In the forward pass Gaussian noise is gradually added to the data according to a variance schedule \(\beta_{1},\cdots,\beta_{T}\). The noise added increases with the timestep \(t\) that is, \(\beta_{t}\) increases with \(t\).
The conditional noise is given by: \[ q(x_t|x_{t-1}) = \mathcal{N}(x_t; \sqrt{1 - \beta_t}x_{t-1}, \beta_tI) \] , where \(\sqrt{1-\beta_t}x_{t-1}\) is the mean and \(\beta_tI\) is the variance. The above equation allows us to sample \(x_{t}\) at any timestep \(t\). Define \(\alpha_t=1-\beta_{t}\) and \(\bar{\alpha}_t = \prod_{s=1}^{t}\alpha_s\). Then, \[ q(x_t|x_{t-1}) = \mathcal{N}(x_t; \sqrt{\bar{\alpha_t}} x_0, (1-\bar{\alpha_t})I) \]

Reverse Process

In the reverse process, we estimate: \[ p_{\theta}(x_{t-1}|x_t) = \mathcal{N}(x_{t-1}; \boldsymbol{\mu}_\theta(x_t, t), \boldsymbol{\Sigma}_\theta(x_t, t)) \] ,where \(\boldsymbol{\mu_\theta}\) and \(\boldsymbol{\Sigma}_\theta\) are neural nets that take in the noised inputs \(x_t\) and the timestep \(t\) as the inputs and \(\theta\) are the model weights. In DDPM however, \(\boldsymbol{\Sigma}_\theta\) is ignored and treated as a \(\beta_t\) dependent timestep.
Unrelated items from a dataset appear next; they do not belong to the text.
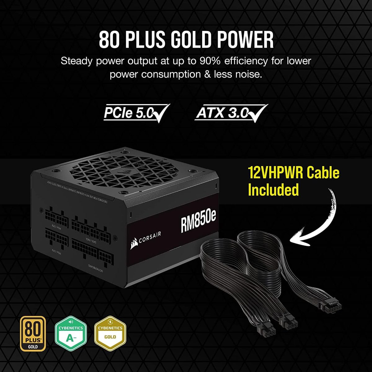 80 PLUS GOLD-CERTIFIED : Steady power output at up to 90% efficiency, and Cybenetics Platinum certified for lower power consumption, less noise, and cooler temperatures.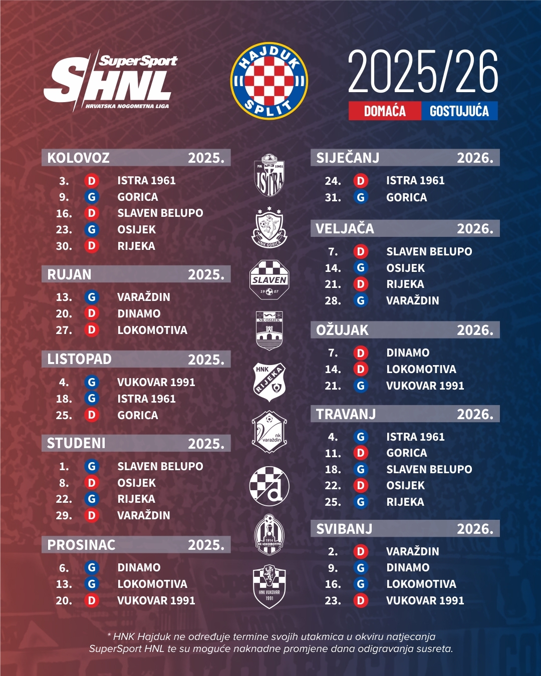 HNK Hajduk ne određuje termine svojih utakmica u okviru natjecanja SuperSport Hrvatske nogometne lige te su moguće naknadne promjene dana i sata odigravanja susreta.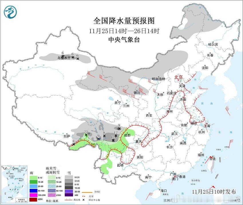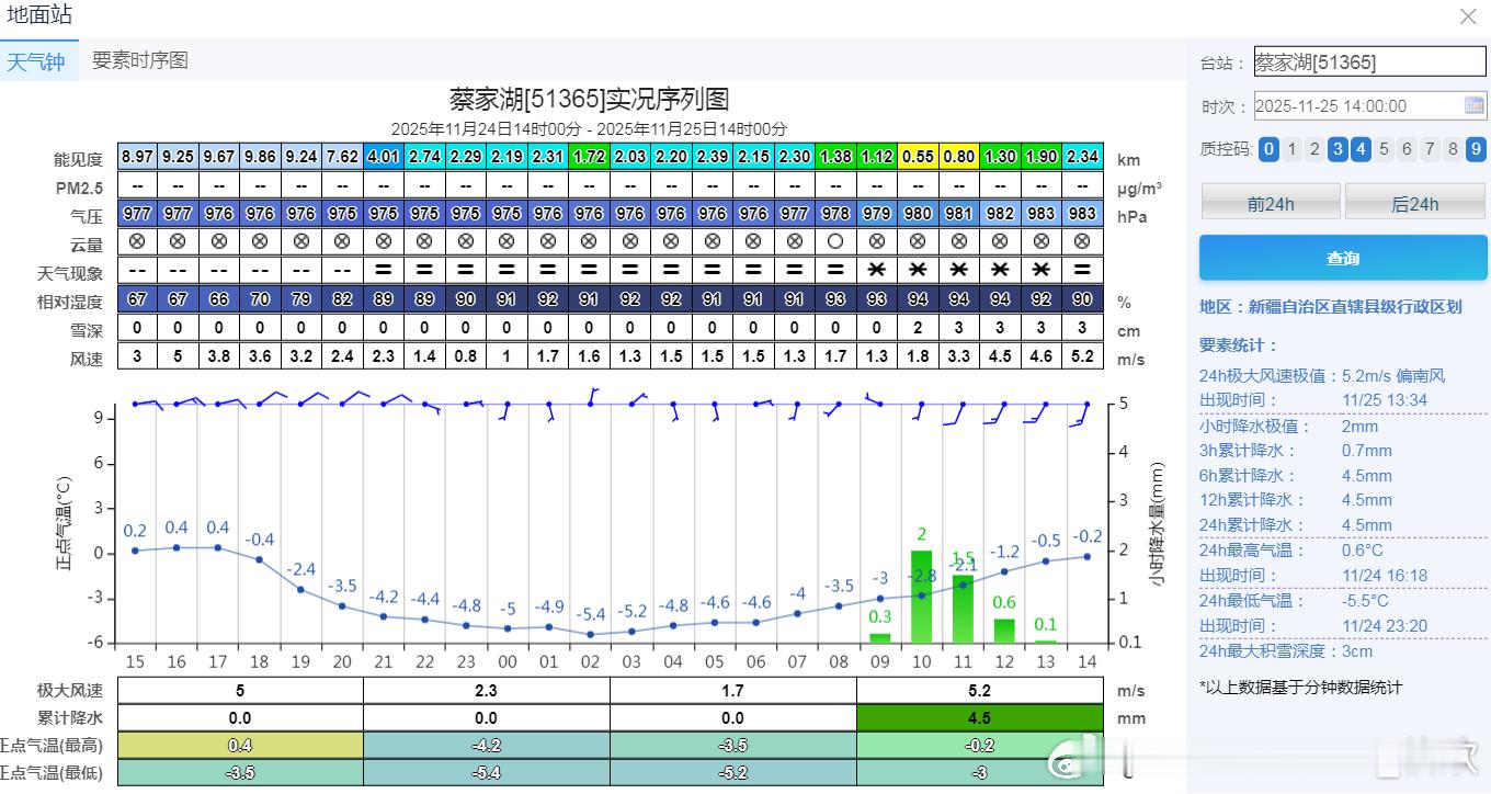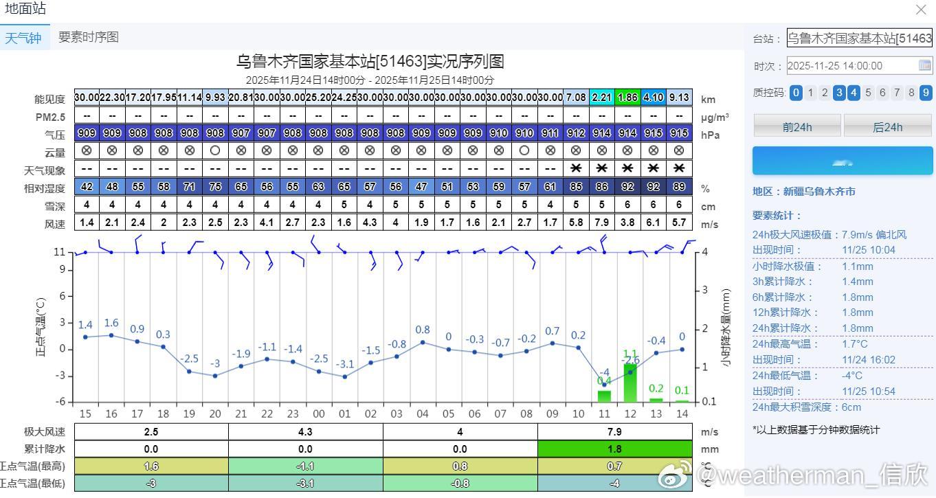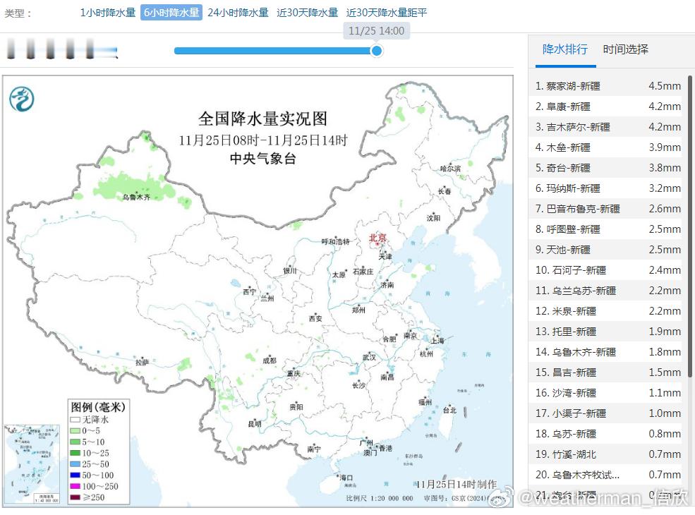 【降雪】今天08-14时,6小时降水榜被新疆站点包揽了前18。因为冷空气影响,新疆北部出现降雪。蔡家湖4.5毫米,最强,14时积雪3厘米。乌鲁木齐老国家站(51463站),1.8毫米降雪量,14时积雪增厚到6厘米(之前有4厘米)。今天下午到明天中午,天山沿线还有明显降雪。明天降雪还会向内蒙古推进。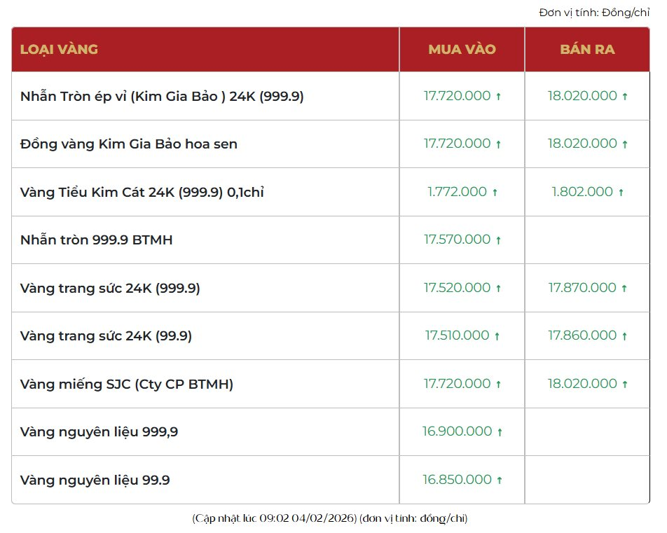 Tại thị trường trong nước, cập nhật lúc 9h sáng nay, giá vàng được các thương hiệu đồng loạt điều chỉnh tăng mạnh. SJC đang niêm yết giá vàng miếng mua vào - bán ra là 177,2 - 180,2 triệu đồng/lượng. Đây cũng là mức giá đang được Bảo Tín Mạnh Hải và Phú Quý niêm yết cho mặt hàng kim loại quý này.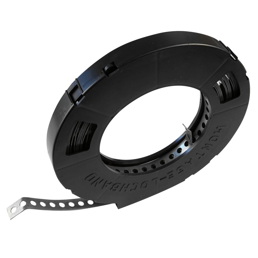 Montážní páska v kazetě, děrovaná, železná, pozinkovaná.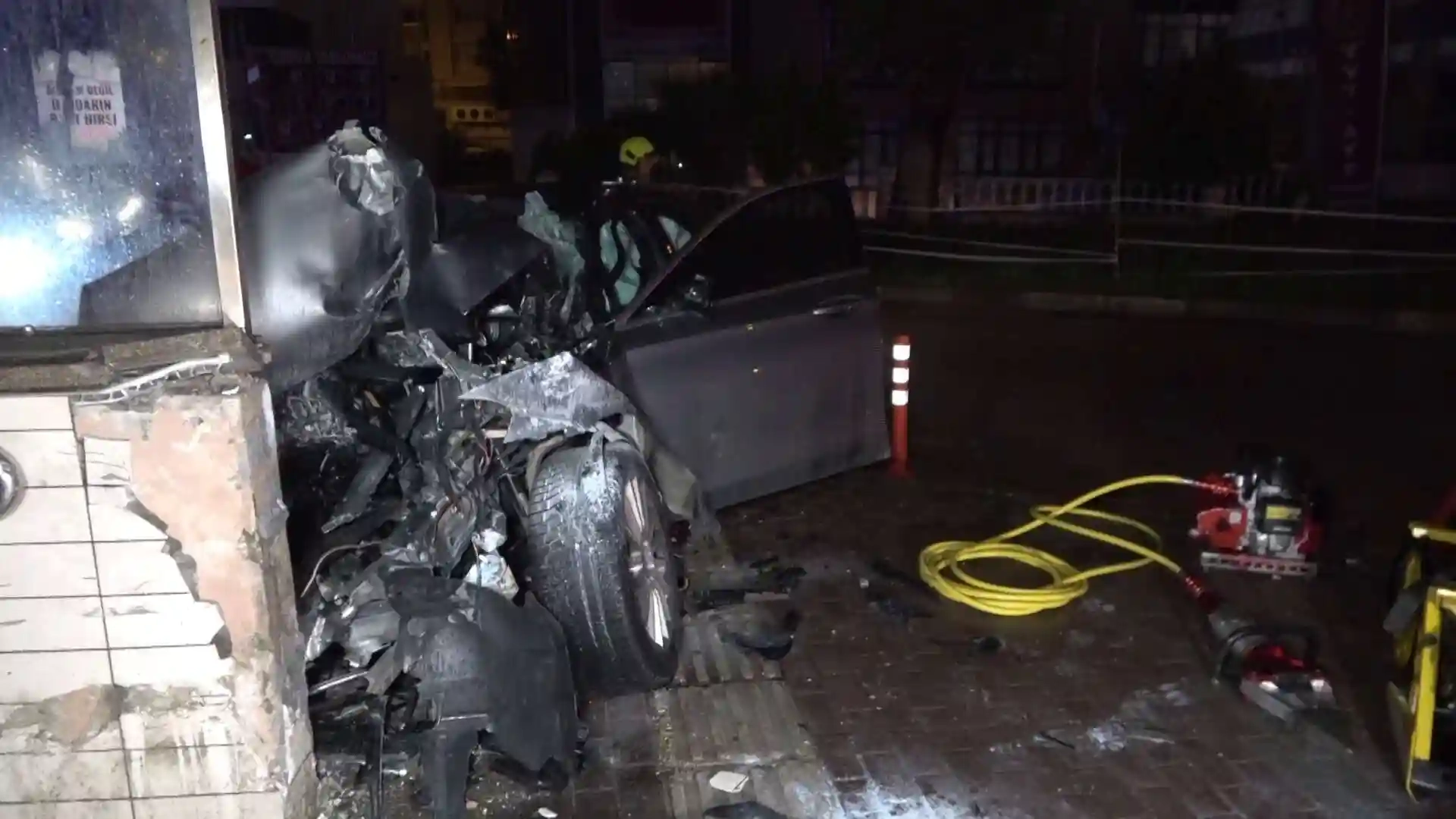 Bursa’da yağışlı havanın etkisiyle sürücüsünün kontrolünden çıkan otomobil metro istasyonunun alt geçidine çarptı. Çarpmanın etkisiyle hurdaya dönen otomobildeki 3 kişi hayatını kaybetti, 1 kişi ise ağır yaralandı.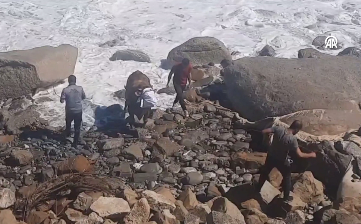 Dalgaların etkisiyle tekrar karaya çıkan boğa, ihbar üzerine bölgeye gelen itfaiye ekiplerince yakalandı.

\(\boldsymbol{\mu_\theta}\) can be reparametrized as \[ \boldsymbol{\mu_\theta}(x_t, t) = \frac{1}{\sqrt{\alpha}_t}\bigg(x_t - \frac{\beta_t}{\sqrt{1-\bar{\alpha}_t}}\epsilon_\theta(x_t, t)\bigg) \] , where \(\epsilon_\theta\) is the neural net that predicts noise from \(x_t\). In diffusion models, a unet architecture is used for predicting noise.

We can reparametrize \(x_t\) as: \[ x_t(x_0, \epsilon) = \sqrt{\bar{\alpha}_t}x_0 + \sqrt{1 - \bar{\alpha}_t}\epsilon \] , where \(\epsilon \sim \mathcal{N}(0, I)\).

The loss function is simply a MSE loss given by: \[ L(\theta) := \mathbb{E}_{t,x_0, \epsilon}\bigg[||\epsilon - \epsilon_0(\sqrt{\bar{\alpha_t}}x_0 + \sqrt{1 - \bar{\alpha_t}}\epsilon, t) ||^2\bigg] \]

As described in the paper, \(x_0\) can be approximated as: \[ x_0 \approx \hat{x}_0 = (x_t - \sqrt{1-\bar{\alpha}_t}\epsilon_{\theta}(x_t))/\sqrt{\bar{\alpha}_t} \]

To sample \(x_{t-1}\sim p_\theta(x_{t-1}|x_t)\): \[ x_{t-1} = \frac{1}{\sqrt{\alpha_t}}\bigg(x_t - \frac{\beta_t}{\sqrt{1-\bar{\alpha_t}}}\epsilon_\theta(x_t, t)\bigg) + \sigma_t z \] , where \(z \sim \mathcal{N}(0, I)\)

Training Algorithm

repeat
\(x_0 \sim q(x_0)\)
\(t \sim Uniform({1, \cdots, T})\)
\(\epsilon \sim \mathcal{N}(0, I)\)
Take gradient descent step on \(\nabla_\theta||\epsilon - \epsilon_\theta(\sqrt{\bar{\alpha_t}}x_0 + \sqrt{1 - \bar{\alpha_t}}\epsilon, t)||^2\)
until converged

Sampling Algorithm

\(x_t \sim \mathcal{N}(0, I)\)
for \(t=T, \cdots, 1\) do
\(z \sim\mathcal{N}(0, I)\) if \(t>1\) else \(z=0\)
\(x_{t-1} = \frac{1}{\sqrt{\alpha_t}}\bigg(x_t - \frac{\beta_t}{\sqrt{1-\bar{\alpha_t}}}\epsilon_\theta(x_t, t)\bigg) + \sigma_t z\)
end for
return \(x_0\)

Denoising Diffusion Probabalistic Models with little_ai

Now, let’s implement the math above in code (using the Learner framework of the little_ai library).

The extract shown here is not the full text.